From edbc4fe592117b1024c6671990cd93f19bb27b7c Mon Sep 17 00:00:00 2001
From: Concedo <39025047+LostRuins@users.noreply.github.com>
Date: Thu, 26 Feb 2026 14:00:58 +0800
Subject: [PATCH] music lm finally working
---
embd_res/kcpp_musicui.embd | 9 +-
otherarch/acestep/ace-qwen3.cpp | 139 +++++++++++++++-------------
otherarch/acestep/dit-vae.cpp | 7 +-
otherarch/acestep/music_adapter.cpp | 2 +-
4 files changed, 89 insertions(+), 68 deletions(-)
diff --git a/embd_res/kcpp_musicui.embd b/embd_res/kcpp_musicui.embd
index 9f75eba38..0e8ee1182 100644
--- a/embd_res/kcpp_musicui.embd
+++ b/embd_res/kcpp_musicui.embd
@@ -156,7 +156,9 @@ audio{width:100%;margin-top:6px;}
-🎵 KoboldCpp Music Generation
+
+
+KoboldCpp Music Generation UI
@@ -297,10 +299,15 @@ function getFormData(){
}
function updateForm(data){
+ //let origseed = document.getElementById("seed").value;
Object.keys(data).forEach(k=>{
if(document.getElementById(k))
document.getElementById(k).value=data[k]??"";
});
+ //if(origseed=="-1" || origseed=="")
+ //{
+ // document.getElementById("seed").value = "-1";
+ //}
}
function deriveTitle(caption){
diff --git a/otherarch/acestep/ace-qwen3.cpp b/otherarch/acestep/ace-qwen3.cpp
index 1148b375b..57c8865ec 100644
--- a/otherarch/acestep/ace-qwen3.cpp
+++ b/otherarch/acestep/ace-qwen3.cpp
@@ -169,6 +169,9 @@ struct AcePrompt {
std::string vocal_language;
};
+static std::mt19937 acestep_lm_rng;
+static bool acestep_lm_dbg = false;
+
//
// CoT parsing (extract metadata + lyrics from LLM Phase1 output)
//
@@ -758,13 +761,16 @@ static void parse_phase1_into_aces(
}
}
+//hack for kcpp: forcing the correct tokens after end of thinking
+const std::vector
think_chain = {271,2,15953,2216,198}; // "\n# Lyric\n"
+
// Batched Phase 1: N text generations with shared prompt, different seeds.

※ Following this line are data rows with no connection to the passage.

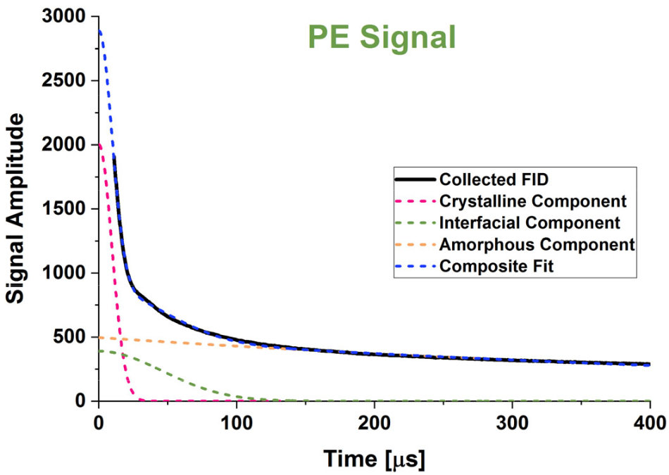 The Magneflow product line utilizes Industrial Magnetic Resonance techniques for the analysis of polyethylene materials. In IMR, a sample is positioned in a strong magnetic field. The nuclei within the sample begin to orient into multiple population states due to the presence of this external magnetic field. This orientation yields a small net magnetic moment within the sample. A short radio‐frequency pulse is applied to the sample which rotates this magnetic moment. As the magnetic moment returns to equilibrium after the pulse, the sample emits a Free Induction Decay (FID) signal. This FID signal contains information about the morphology of the material. If multiple morphological domains exist within a single sample, the FID can be modeled as the sum of multiple smaller components. For polyethylene, this approach allows for direct measurement of crystalline, amorphous and interfacial domains within a given sample.
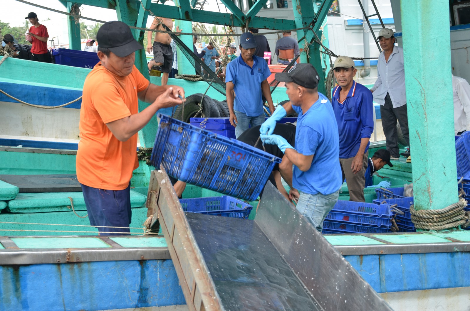 Công nhân bốc dỡ thủy sản tại Cảng cá Tắc Cậu.
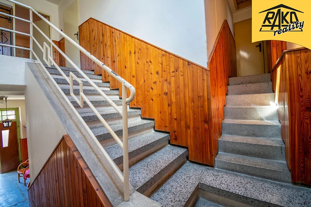Z centrální chodby vede schodiště do mezipatra, kde je umístěna obytná místnost (15,9m2), koupelna (9 m2), šikmina/úložný prostor (8,5m2) a WC (0,84 m2).
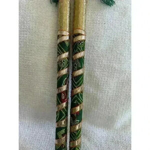 Dandiya Wood Percussion Sticks Narvratri Garba Dance Gota Gold And Green Lace
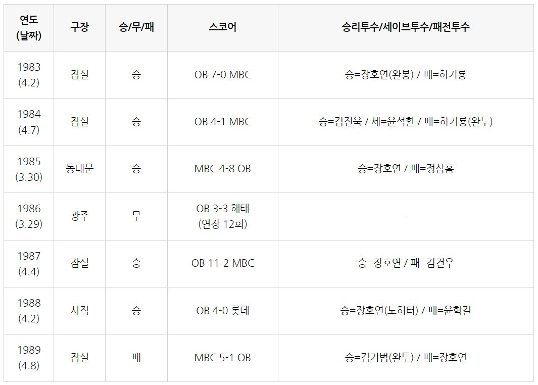 그러나 승부는 이것으로 끝이었다. OB 베어스의 1-5 패배. 베어스는 1983년부터 1988년까지 개막전에서 한 번도 지지 않고 6전 5승1무를 기록 중이었다. 개막전만 되면 파죽지세였던 OB 베어스 역사에서 처음으로 생채기가 난 패배였다(베어스의 개막전 전적이 1983년부터 집계되는 것은 [베팬알백] <11편>에서 설명한 바 있다. 간단히 설명하자면 1982년 원년 개막전은 삼성 라이온즈-MBC 청룡전으로만 펼쳐졌기 때문이다).
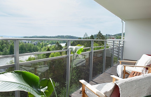 Lys toppleilighet på Borgen i Asker. Solrike verandaer og utsikt over Bondivannet
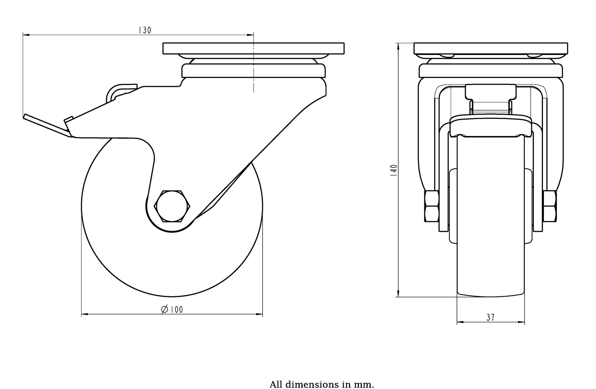Wheel Diameter: 100mm (4" inches)

// No CFG. Each element gets its own FSM state and RNG.
// Returns N generated text strings.
static std::vector generate_phase1_batch(
Qwen3LM * m, BPETokenizer * bpe,
const std::vector & prompt_tokens,
- int max_new_tokens, float temperature, float top_p, int top_k,
+ int max_new_tokens, float temperature, float top_p,
long long base_seed, int N,
MetadataFSM * fsm_template,
bool lyrics_mode,
@@ -798,6 +804,12 @@ static std::vector generate_phase1_batch(
fprintf(stderr, "[Phase1] Prefill %.0fms, %zu tokens, N=%d, CFG=%.2f\n",
t_prefill.ms(), prompt_tokens.size(), N, cfg_scale);
+ if(acestep_lm_dbg)
+ {
+ std::string tks = bpe_decode(*bpe,prompt_tokens);
+ printf("\nN:%d Prompt: %s",prompt_tokens.size(),tks.c_str());
+ }
+
// Per-element state
struct P1Seq {
std::mt19937 rng;
@@ -824,7 +836,7 @@ static std::vector generate_phase1_batch(
if (fsm_template && fsm_template->enabled)
seqs[i].fsm.apply_mask(lg.data());
- int tok = sample_top_k_p(lg.data(), V, temperature, top_p, top_k, seqs[i].rng);
+ int tok = kcpp_quick_sample(lg.data(),V,std::vector(),1.03f,top_p,25,temperature,acestep_lm_rng);
if (tok == TOKEN_IM_END) {
seqs[i].done = true;
@@ -853,37 +865,20 @@ static std::vector generate_phase1_batch(
std::vector logits_uncond(V * N);
std::vector tokens(N);
- // CFG: single forward with 2*N (cond + uncond)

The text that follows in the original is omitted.